56 Views Asked by At

I have an interesting problem. Say I have lots of datasets like this:

a = 21
b = 23
c = 58
d = 498
etc (lots of other values)

X = 85

I need to find the formula that derives X from a, b, c, d etc, with the added complication that I don't know whether all of the values affect X or whether some have no effect on it. Is there a generic method to do that?

I do not have the ability to vary a, b, c and d and check the derived value of X; however, I have a huge amount of these datasets (combinations of values and the resulting X) to look at. I have some programming skills, so I am able to analyse all of these datasets using an algorithm, but I have literally no idea what that algorithm should be. Any help would be appreciated.

Note: I am new to this site, and don't know which tags to use, so feel free to retag this.

EDIT: Each dataset contains the same amount of numbers, and the positions are fixed, i.e. 'a' of one dataset corresponds to the 'a' in others.

1

There are 1 best solutions below

4
On BEST ANSWER

If you think there is a linear relationship between the $a, b, c$, etc., and $x$, then you could find the least-squares solution to the system of equations $\mathbf {Ay = X}$. The matrix $\mathbf A$ will consist of rows of the form $[a_i\ b_i\ c_i \ldots]$, and $\mathbf X$ is a column vector containing the values $x_i$. The vector $\mathbf y$ corresponds to the weights in your weighted average.

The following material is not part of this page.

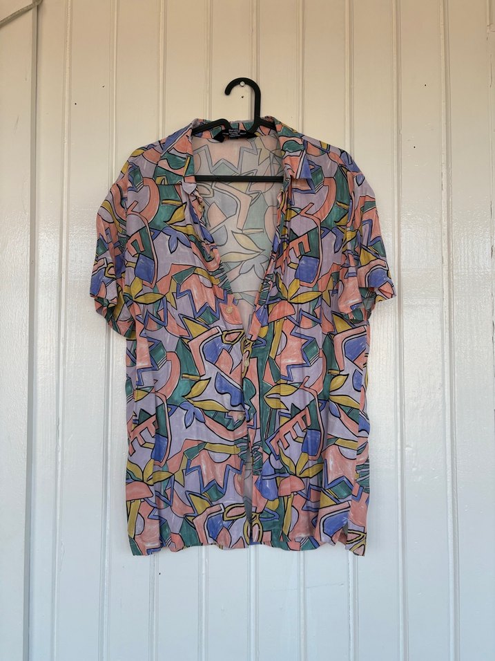 Bohem Çok Renkli Düğmeli Kısa Kollu Gömlek

The system $\mathbf {Ay = X}$ does not necessarily have a solution, but you can find the "best fit" by multiplying both sides by $\mathbf A^t$ and solving the resulting system; i.e., $\mathbf {A}^t\mathbf{Ay} = \mathbf{A}^t\mathbf{X}$.

Thus the best-fit solution for your weights is $\mathbf{\hat y} = (\mathbf{A}^t\mathbf{A})^{-1}\mathbf{A}^t\mathbf{X}$.